Out of interest what test parts do you use to verify resolution or are you referring to calculated resolution?

Edited 3 time(s). Last edit at 04/17/2019 12:31PM by WesBrooks.
Re: Belted Z axis conversion for Ender-3
April 26, 2019 12:14PM
All of the parts, shaft, and bearings have arrived for the conversion. I just need to design some bearing blocks and some adapters for the left and right gantry plates so the belts can fit in them.
Re: Belted Z axis conversion for Ender-3
April 29, 2019 02:25PM
Finished designing the bearing blocks and stepper motor mount.



Edited 2 time(s). Last edit at 04/29/2019 04:49PM by klcjr89.
Re: Belted Z axis conversion for Ender-3
April 30, 2019 07:30AM
I am following this very interesting thread.
@klcjr89 can I ask you haw much you payed for the worm gear and the gear?

thank you
Andrea
Re: Belted Z axis conversion for Ender-3
April 30, 2019 07:37AM
Have you considered another bearing the other side of the belt pulley?

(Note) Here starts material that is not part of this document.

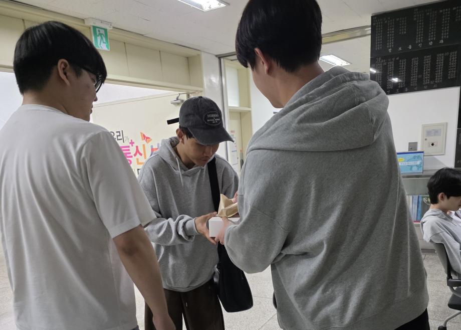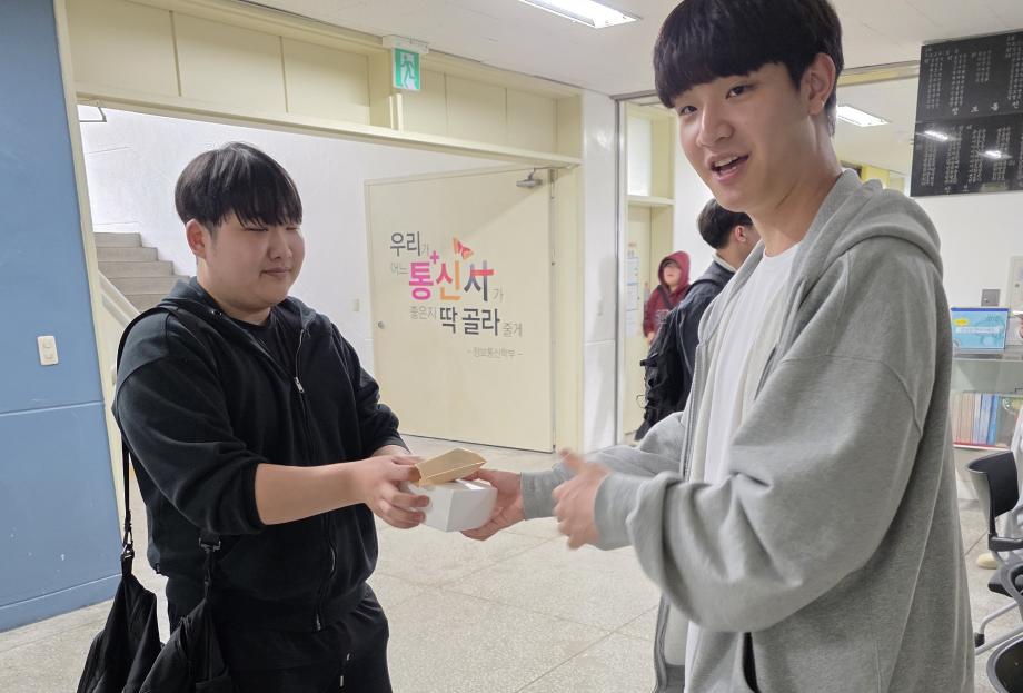본문 시작 홈으로 SMIT 소식 SMIT 소개 SMIT 교육 SMIT 취업 SMIT 소식 SMIT 입학 홈페이지가이드 갤러리 공지사항 갤러리 경진대회 동아리 갤러리 페이스북 트위터 프린트 2026학년도 스마트IT학부 중간고사 간식나눔 이벤트👊 스마트IT학부 48 2026-04-20 안녕하세요 세명대학교 스마트IT학부입니다😀 2026년 4월 20일 신입생들을 위해 중간고사 응원 간식 나눔 행사를 진행하였습니다. 작은 선물이지만 열심히 준비한 만큼 맛있게 드셔주셔서 감사드리며, 머지않은 중간고사, 학우분들 화이팅하시고 노력한만큼 좋은 결과로 보답받으시길 응원합니다👊 목록 이전스마트IT알림_4월 : 스마트IT학부 졸업요건 담당부서 : 스마트IT학부 담당자 : - 연락처 : 043-649-1275 최종수정일 : 2024-10-26 만족도조사 만족도 조사 이 페이지에서 제공하는 정보에 대하여 만족하시나요? 매우만족 만족 보통 불만족 매우불만족

There's goingtobe a fair measure of twist on that stub axle from the belt tension.
Re: Belted Z axis conversion for Ender-3
April 30, 2019 07:38AM
Me too. Please keep us informed on well (or not) it goes (videos/piccies wanted winking smiley )
Re: Belted Z axis conversion for Ender-3
April 30, 2019 09:18AM
Quote
claustro
I am following this very interesting thread.
@klcjr89 can I ask you haw much you payed for the worm gear and the gear?

thank you
Andrea

The part numbers are in the pic: [reprap.org]

You can google them to find the best price for your country. smiling smiley

Edit: US prices:



Edited 1 time(s). Last edit at 04/30/2019 11:32AM by klcjr89.
Re: Belted Z axis conversion for Ender-3
April 30, 2019 12:10PM
I'm no fan of flat plate printed plastic motor mounts, and I'm not too sure about separating the motor mount/worm gear from the disc gear. The last thing you want is for the relative positions of the gears to change under load because that will change the position of whatever is being lifted by the belt(s). Flimsy motor and disc gear mounts will flex and do just that.

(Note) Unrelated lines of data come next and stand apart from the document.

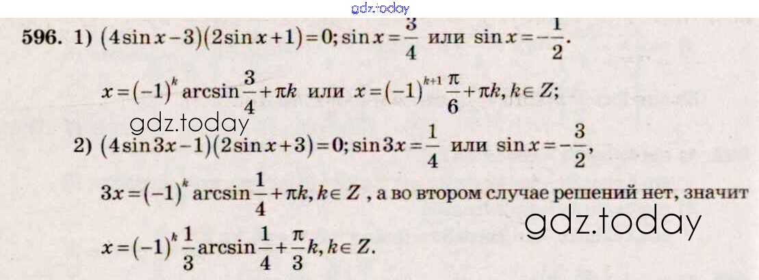 Ответы к Решение к упражнениям 596 Учебнику по Алгебре для 10-11 класса Алимов, Ткачева Базовый и углубленный уровень Просвещение 2015
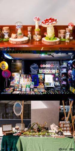 此外,第二届设计公社艺术生活周“什么玩艺”市集也由设计公社与COOBBY共同举办,本届市集以“灵感实验室”为主题,吸引了30余位青年创作者,集中展示潮玩周边、手工饰品、书法绘画等文创精品。在10月17日至18日两天内,市集吸引了逾千名顾客驻足流连,成为创意交流与同好结识的活跃平台。10月18日举办的“自然与设计”主题手工坊,则通过指导参与者将旧衣物改造为布艺花朵,生动传递了绿色循环的生态设计理念。
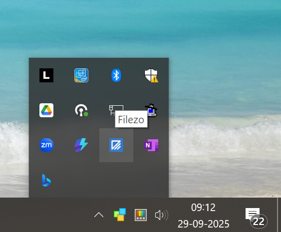 - Look for Filezo icon in the notification area of the Windows Taskbar (as shown below) and click on it.
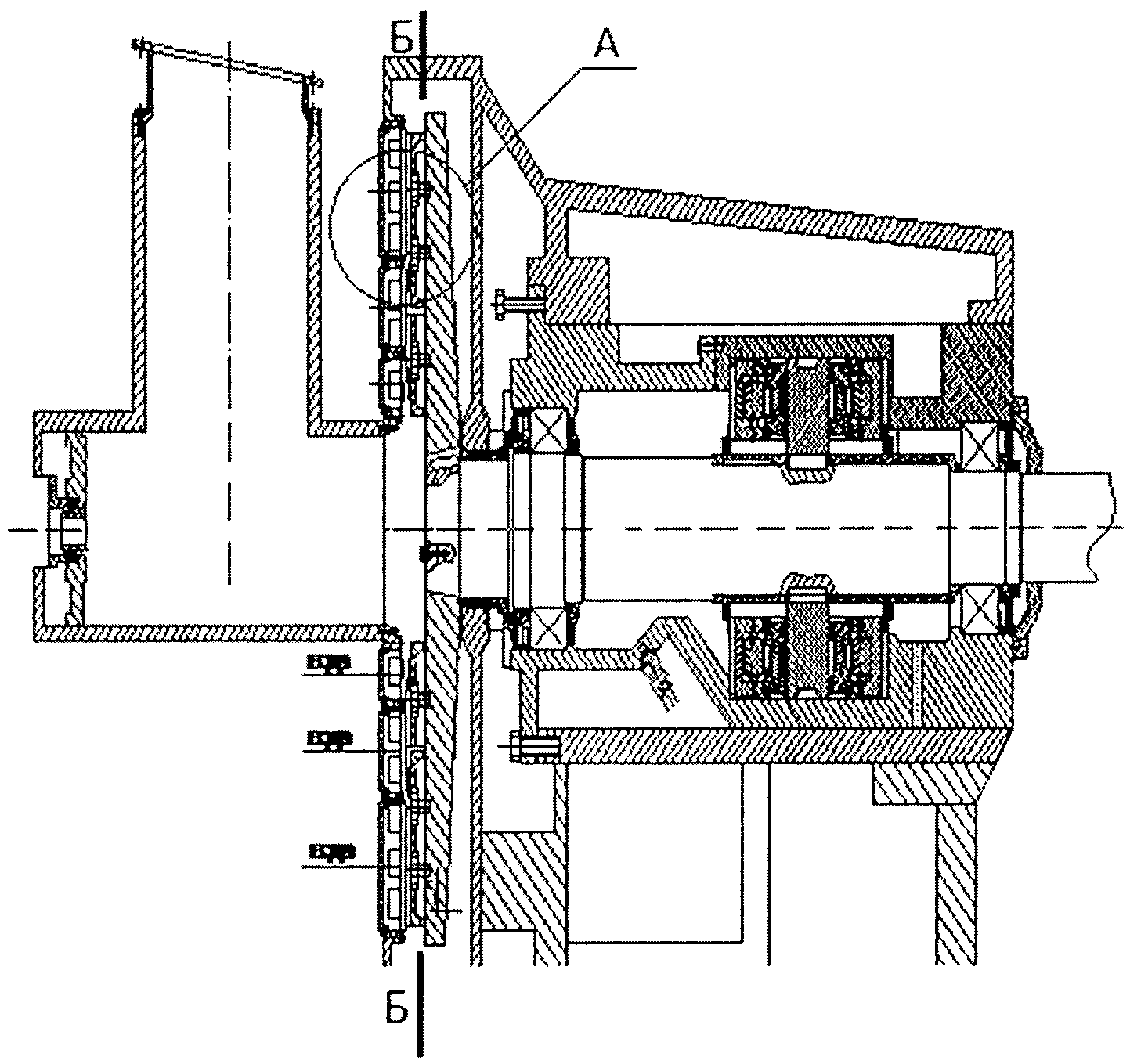 Полезная модель относится к устройствам для размола волокнистых полуфабрикатов и может быть использована в целлюлозно-бумажной промышленности. Известна дисковая мельница содержащая станину, в которой на валу установлен диск ротора, статорный диск, подающий и выводящий патрубки, подающий шнек, а также механизм присадки диска статора мельницы, отличающаяся тем, что в статорном диске выполнены камеры для подачи в них жидкости, в которые установлены плунжеры, имеющие возможность взаимодействия с ножами (патент на полезную модель РФ №58547, опубл. 27.11.2007 г.). Наиболее близким техническим решением выбранным заявителем в качестве прототипа является конструкция мельницы с гидравлической камерой и размалывающей гарнитурой в виде шаров, защищенная авторским свидетельством [1]. В предложенной конструкции мельницы необходимо отметить небольшую эффективность размола. Техническая задача - повышение эффективности и качества размола исходного материала за счет уменьшения рубящих воздействий ножей гарнитуры, для чего целесообразно использовать вместо трения скольжения трение качения. Техническая задача достигается тем, что дисковая мельница содержит корпус, статорный и роторный диски, причем она снабжена со стороны статорного диска электромагнитными излучателями, а также мелющими телами из ферромагнитного материала, расположенными в отверстиях между дорожками статорного и роторного дисков. Сравнение заявляемой полезной модели с прототипом показывает, что она отличается следующими признаками: - мельница снабжена со стороны статорного диска электромагнитными излучателями; - в отверстиях между статорным и роторным дисками расположены мелющие тела из ферромагнитного материала. Поэтому можно предположить, что заявляемая полезная модель соответствует критерию «новизна» Полезная модель может быть изготовлена на стандартном оборудовании с использованием известных технологических процессов, поэтому она соответствует критерию «промышленная применимость». На Фиг.1 изображен общий вид однодисковой мельницы; на Фиг.2 - гарнитура однодисковой мельницы; на Фиг.3 - продольный разрез размольной камеры. Однодисковая мельница состоит из корпуса 1, статорного 2 и роторного 3 дисков с размалывающей гарнитурой в виде мелющих тел (шаров) 4, расположенных в отверстиях между дисками подвижно и с возможностью контакта с дорожками 5 статорного и роторного дисков. Со стороны статорного диска расположены электромагнитные излучатели 6. Мелющие тела (шары) изготовлены из сплава, обладающего ферромагнитными свойствами, дорожки статорного и роторного дисков изготовлены из неферромагнитного материала. Предлагаемая мельница за счет расположения мелющих тел (шаров) в несколько рядов (фиг.2) исключает вероятность прохождения через зону размола неразмолотых частиц, что обеспечивает равномерность размола исходного полуфабриката. Мельница работает следующим образом: исходный волокнистый полуфабрикат через патрубок подают в зазор между роторным 3 и статорным 2 дисками, электромагнитные излучатели 6 создают переменное магнитное поле, под воздействием которого мелющие тела (шары) 4 из ферромагнитного материала совершают колебания. Мелющие тела (шары) оказывают воздействие на слой сжатых волокон, в результате чего происходит размол волокнистого пол
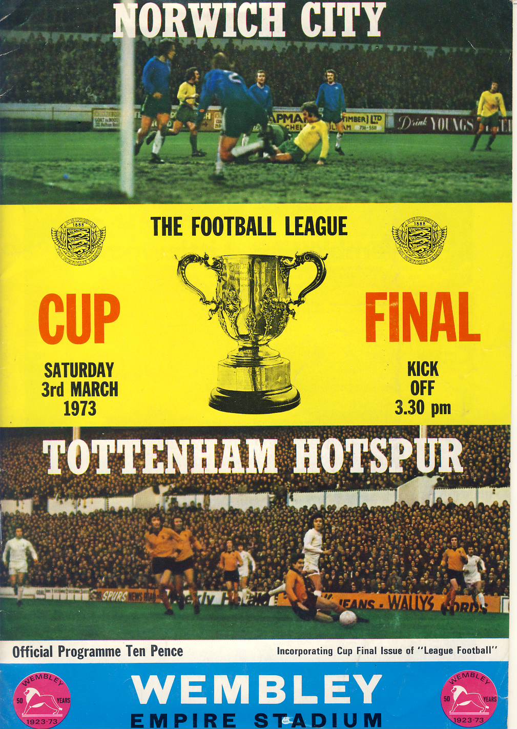 1973 March 3rd NORWICH v TOTTENHAM HOTSPUR Cup Final Football Programme ref102087
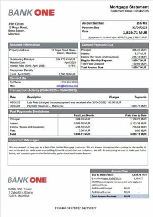 Australian Colonial First State Bank statement example in Excel and PDF format, fully editable
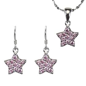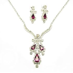 Necklace Earring Set Silver Swarovski Crystals Purple February Ameythst Birthstone Bucasi: Jewelry
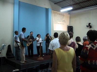 After dinner that evening, the bus came to pick us up again to take us to church in Londrina. We had been asked to sing at the service and I also had a recorder solo to do which went wonderfully quivery due to my breathing not being as calm as it had been in rehearsal! Unfortunately, it started to rain heavily as we headed into Londrina. This impacted on numbers at the church that evening although it was still almost full. The service was lively - a time of worship, some prayer and then a sermon by David who we had met earlier.

If you're going to use printed plastic parts to hold the gears, they need to be very bulky to ensure absolute minimal flex. This is what I used in an experimental printed worm gear box:



That tiny motor was lifting the 3.5 kg bed assembly in my printer at 10-15 mm per sec.

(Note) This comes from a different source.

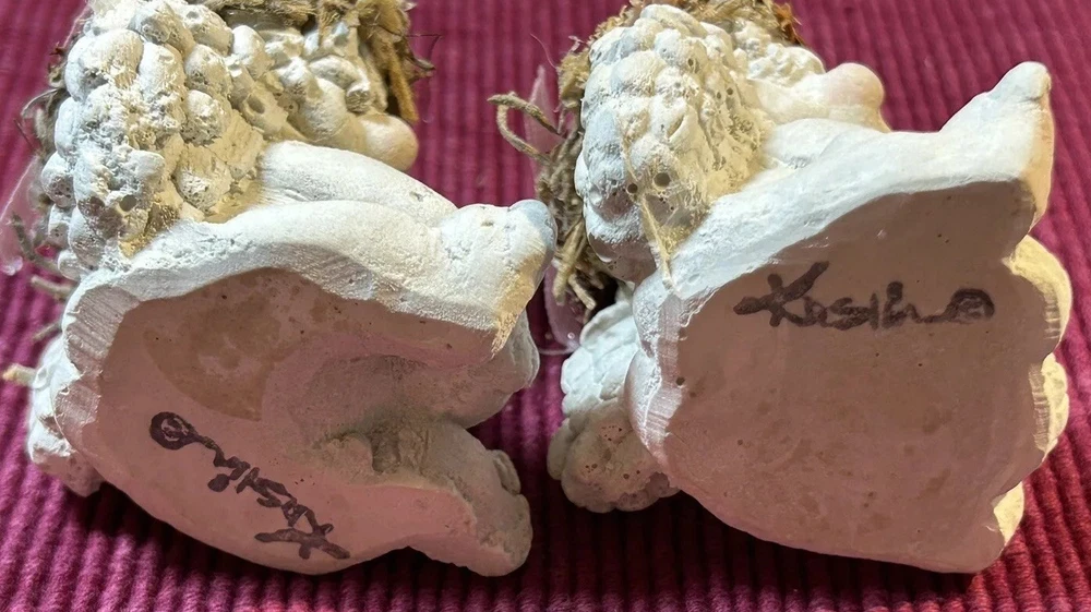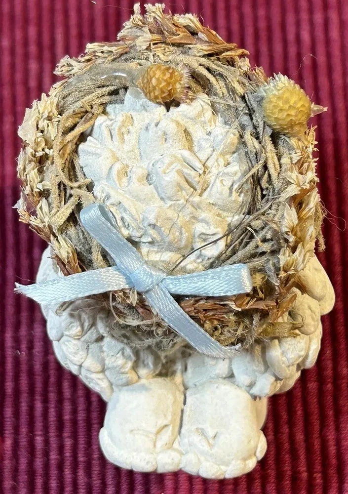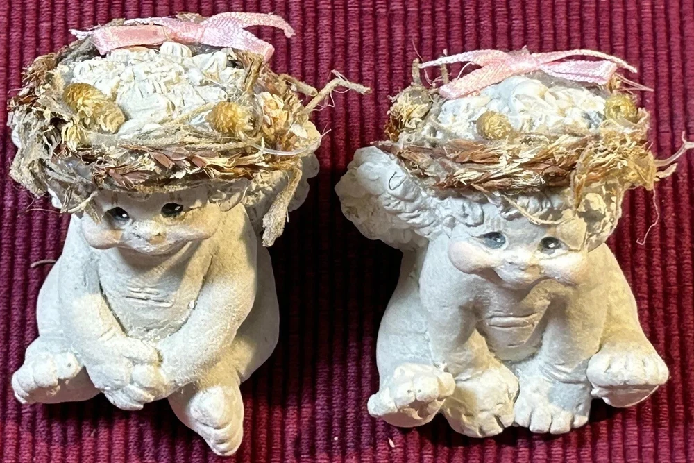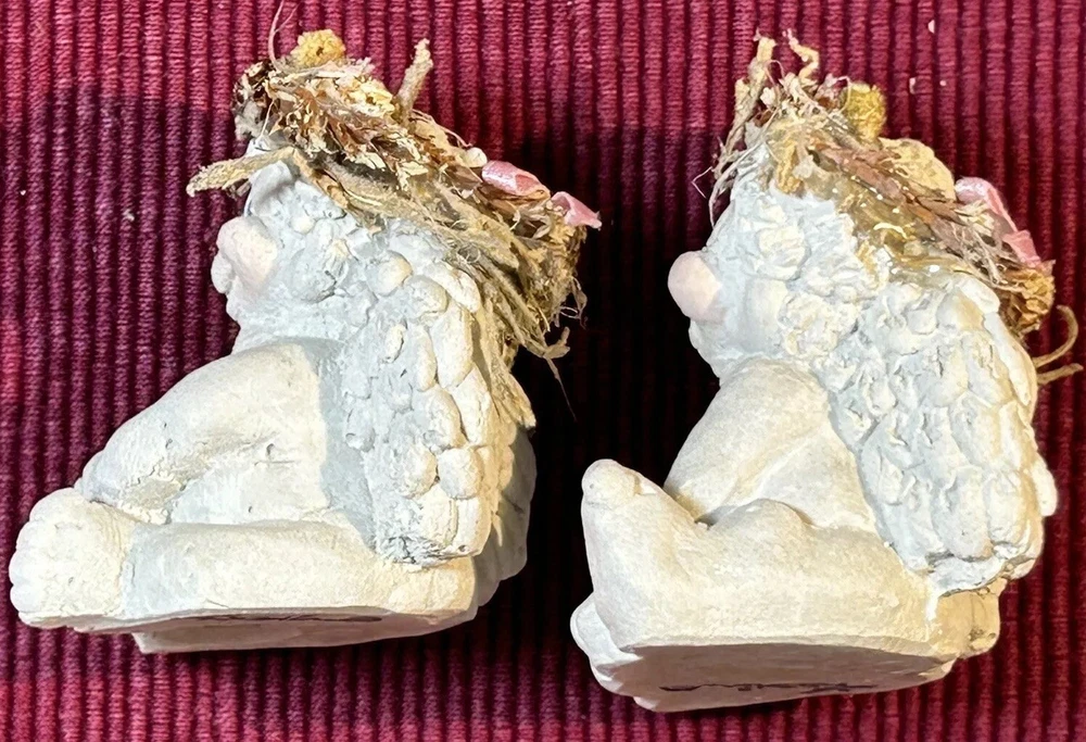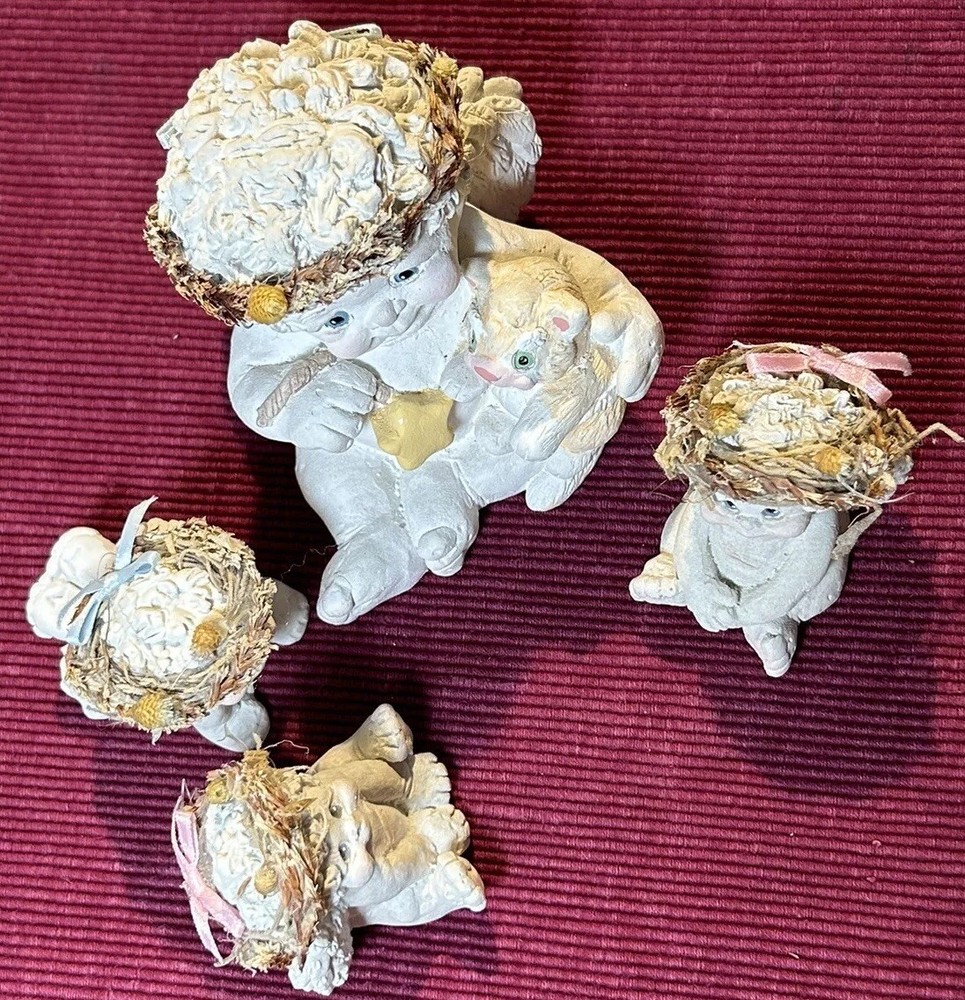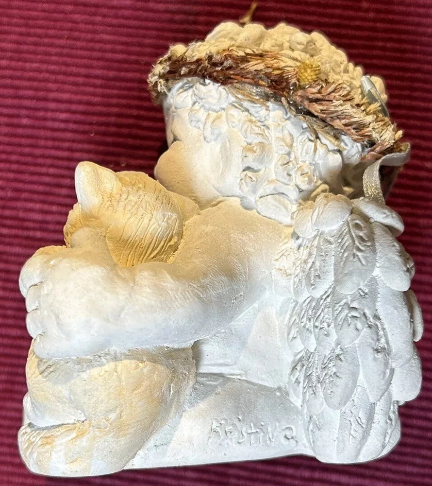Dreamsicles “Love My Kitty” and 3 Little Sitting Cherubs Cast Art Figurines by Kristin. This is a bundle of 4 angel Dreamsicles. They are from 1991 and 1994, made by Cast Art. Each of the 3 little angels is stamped “Kristin” on the bottom. The larger figurine has “Kristin” actually hand scored into the clay. They are super cute and in good condition. Please see photos for details. Measurements are approximate. Smoke free home. I use recycled materials in shipping whenever possible and advisable. Please let me know if you have any questions.

You may have to modify the layout of the machine to accomodate a really solid printed motor mount. That's life. You either build it so it will be solid and have a chance of working properly, or you do it half-assed and increase the probability of failure.

Edited 1 time(s). Last edit at 04/30/2019 12:13PM by the_digital_dentist.


Ultra MegaMax Dominator 3D printer: [drmrehorst.blogspot.com]
Re: Belted Z axis conversion for Ender-3
April 30, 2019 12:37PM
Quote
the_digital_dentist
I'm no fan of flat plate printed plastic motor mounts, and I'm not too sure about separating the motor mount/worm gear from the disc gear. The last thing you want is for the relative positions of the gears to change under load because that will change the position of whatever is being lifted by the belt(s). Flimsy motor and disc gear mounts will flex and do just that.

If you're going to use printed plastic parts to hold the gears, they need to be very bulky to ensure absolute minimal flex. This is what I used in an experimental printed worm gear box:

That tiny motor was lifting the 3.5 kg bed assembly in my printer at 10-15 mm per sec.

You may have to modify the layout of the machine to accomodate a really solid printed motor mount. That's life. You either build it so it will be solid and have a chance of working properly, or you do it half-assed and increase the probability of failure.

You didn't answer my question here: "Is it worth going thicker on printer beds exceeding 300mm^2?"

Also, there isn't any appreciable flex when putting weight on the pulleys.

Edited 1 time(s). Last edit at 04/30/2019 12:39PM by klcjr89.